Week 1 (02.09 - 08.09) - first week of wet lab work

Safety instructions; bacterial cultivation; plasmid mini prep; test PCR; test cloning with pSB1C3

Week 2 (09.09 - 15.09)

Design of arabinose induced module that controls the expression of a test substrate - chromoprotein cassette. Quantifying the cloning success ratio when using the gRNA expression vector (see Contribution and Improvement).

Week 3 (16.09 - 22.09)

Cloning of the DAMP4 expression module into the arabinose controlled expression vector. Colony PCR identification of correct transformants. Quantifying the cloning success ratio when using the gRNA expression vector (see Contribution and Improvement).

Week 4 (23.09 - 29.09)

Induction and expression experiments.
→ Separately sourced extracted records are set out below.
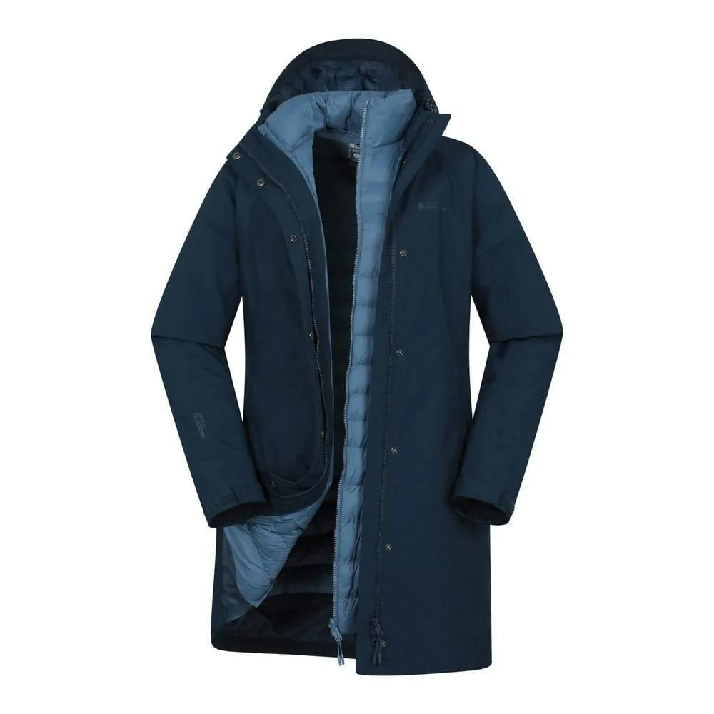 This long 3-in-1 jacket from Mountain Warehouse is made from 100% polyester and comes in navy with a logo and text design. It has a detachable inner jacket for flexible wear and a hooded neckline with a grown-on hood and toggle adjuster.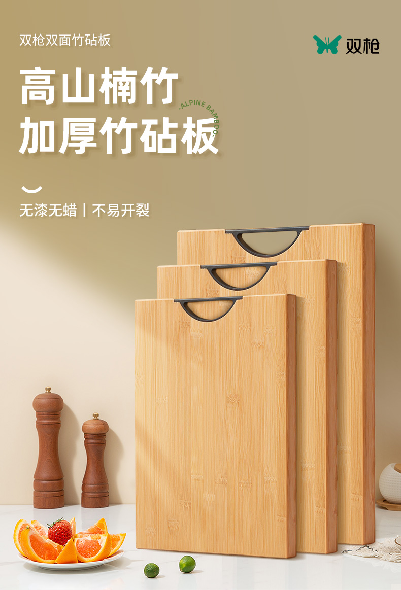 双枪(Suncha)天然竹砧板切菜板实竹案板加大双面可用家用占板38.5*25*1.8cm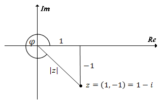 Obliczamy moduł: \[|z|=\sqrt{1^2+(-1)^2}=\sqrt{2}\] Obliczamy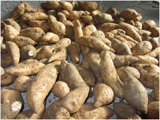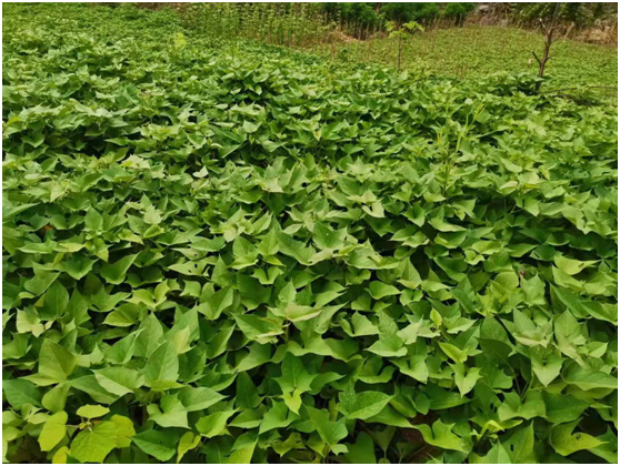 “大化白玉薯”外在感官特征:系旋花科甘薯属,一年生草本植物,植株匍匐生长,顶叶、叶脉、叶柄、茎均为绿色,叶形为浅裂单缺刻形,茎粗为0.3-0.5厘米,分枝4-8条,蔓长90-190厘米,花为漏斗状,中间为紫色,边缘为白色。薯块呈纺锤形,刚采收时薯块呈白皮白心,在自然条件下贮存皮呈浅黄色,一般单株结薯3-4个,单薯重80-600克,切开鲜薯块浸出乳白浆液,蒸煮熟后薯肉呈白玉状,口感粉、香、甜。加工成的粉条呈淡褐色,半透明状,煮熟后口感爽滑、韧性好。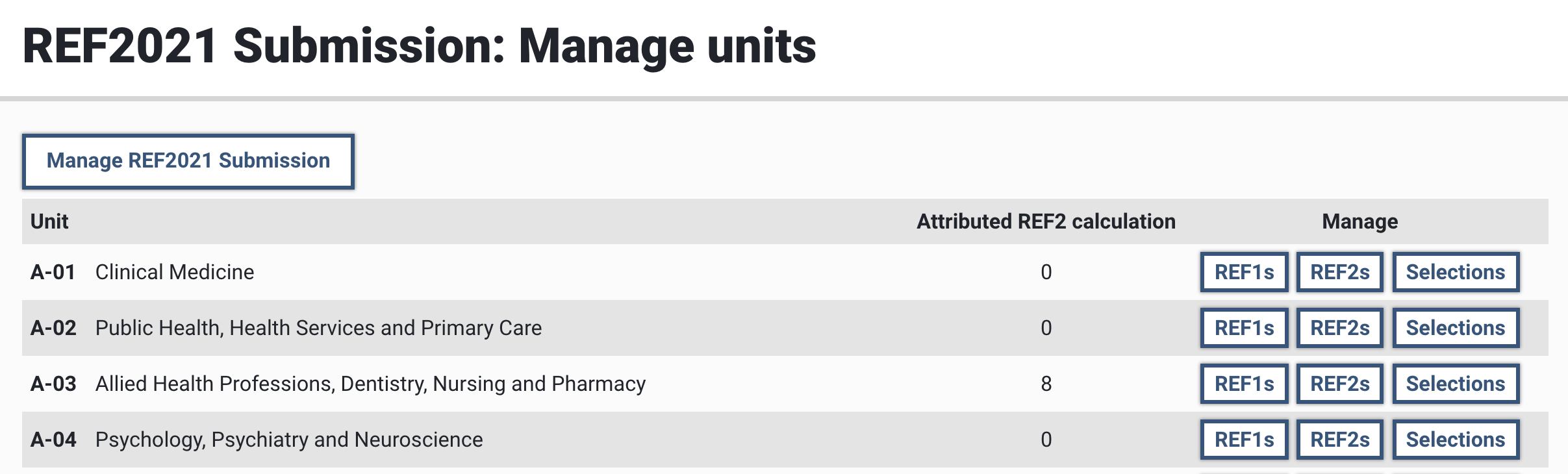 The short name of each of your units in your REF2021 submission must match the standard REF2021 UoA list employed in Elements . Your list should adhere to the following format: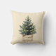 This simple and minimal Christmas throw pillow features a small rustic Christmas tree with white lights.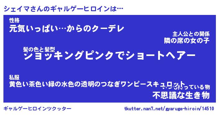| 意味不明あだ名 | 『ペロリンシェイマ』『永久保存シェイマ』 |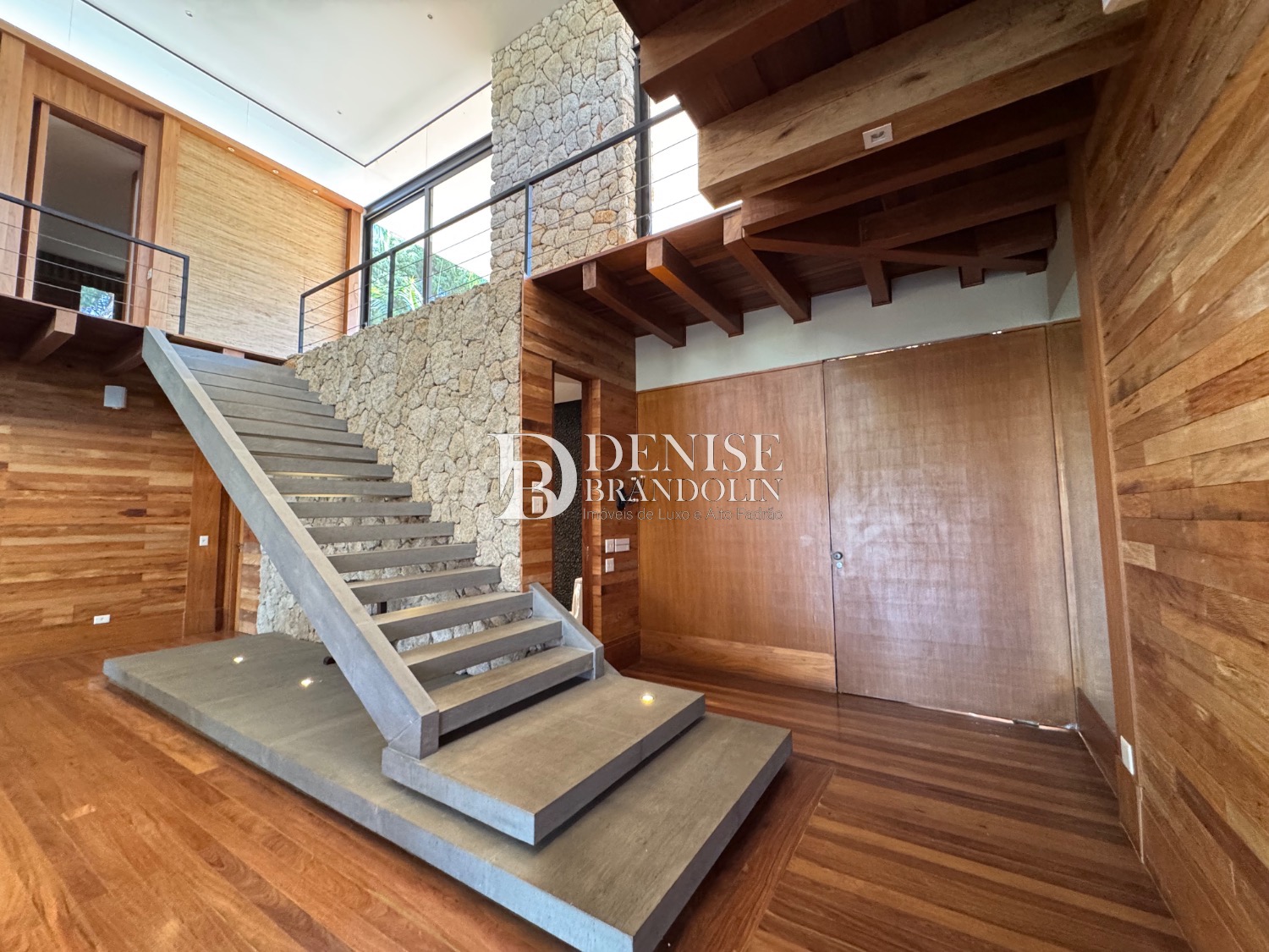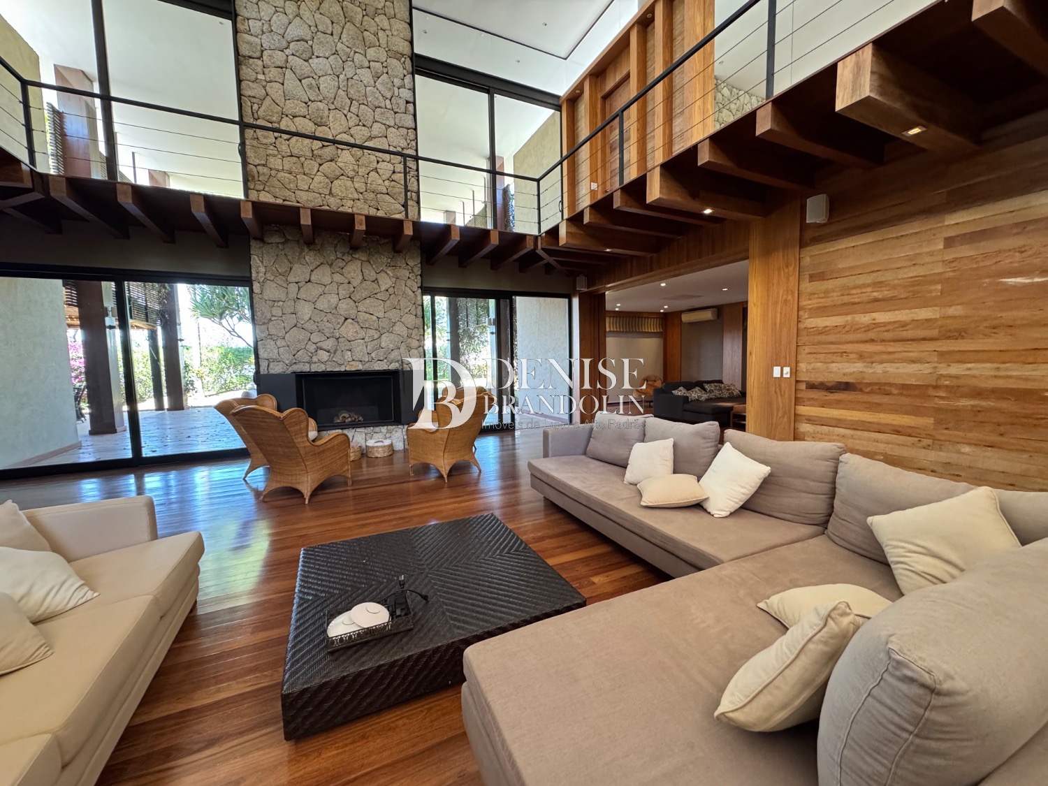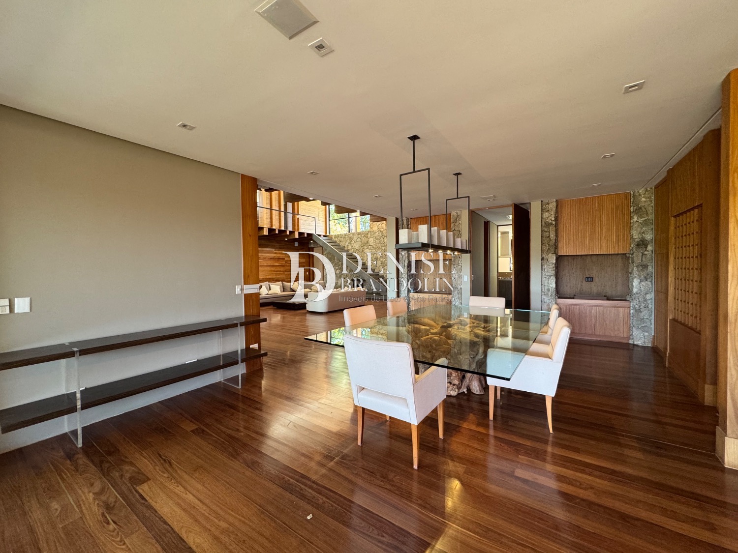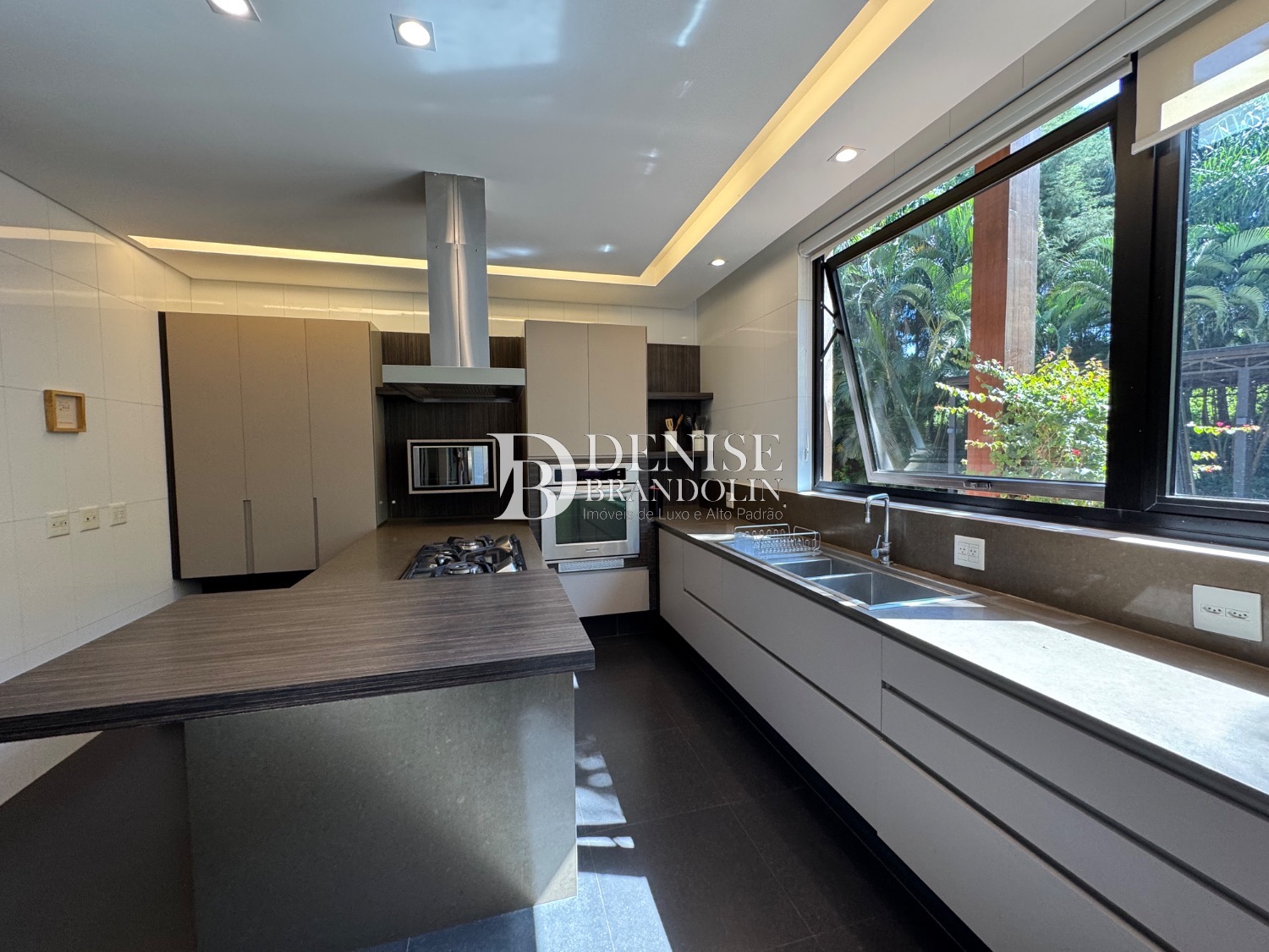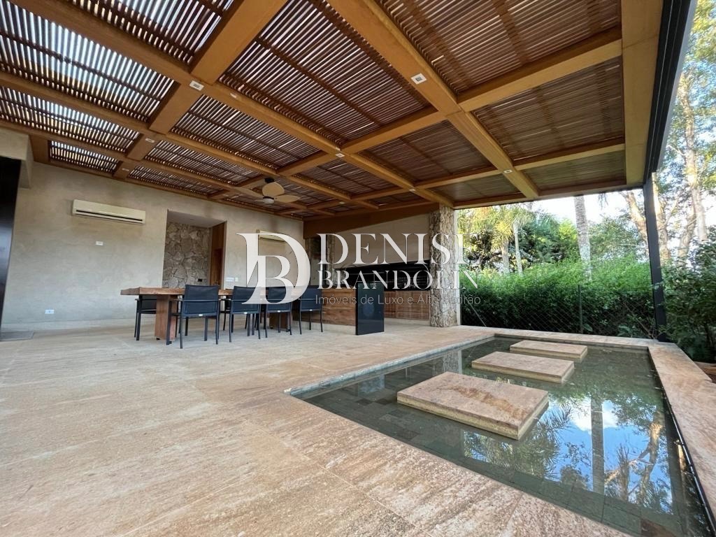 São 5 generosas suítes, living com pé direito duplo, sala de jantar integrada à imensa varanda gourmet, com ilha e mesa de apoio para 8 lugares. Piscina com deck molhado, sauna e extenso jardim já formado, proporcionando total privacidade aos moradores.

Test SDS-PAGE to evaluate the functionality of our vector. Designing the primers for cloning the red chromoprotein expression cassette.

October

Week 1 (01.10 - 06.10)

Design of expression modules for putative AMPs from the great white shark. Cloning of the new red chromoprotein expression cassette into the 2 vectors.

Week 2 (07.10 - 13.10)

Quantifying the cloning success ratio when using the gRNA expression vector with red chromoprotein expression cassette.

Week 3 (14.10 - 20.10)

Cloning of the AMP expression modules into pSB1C3. Induction of the expression of the putative AMPs and monitoring the cell survival ability via spectrophotometric measurements.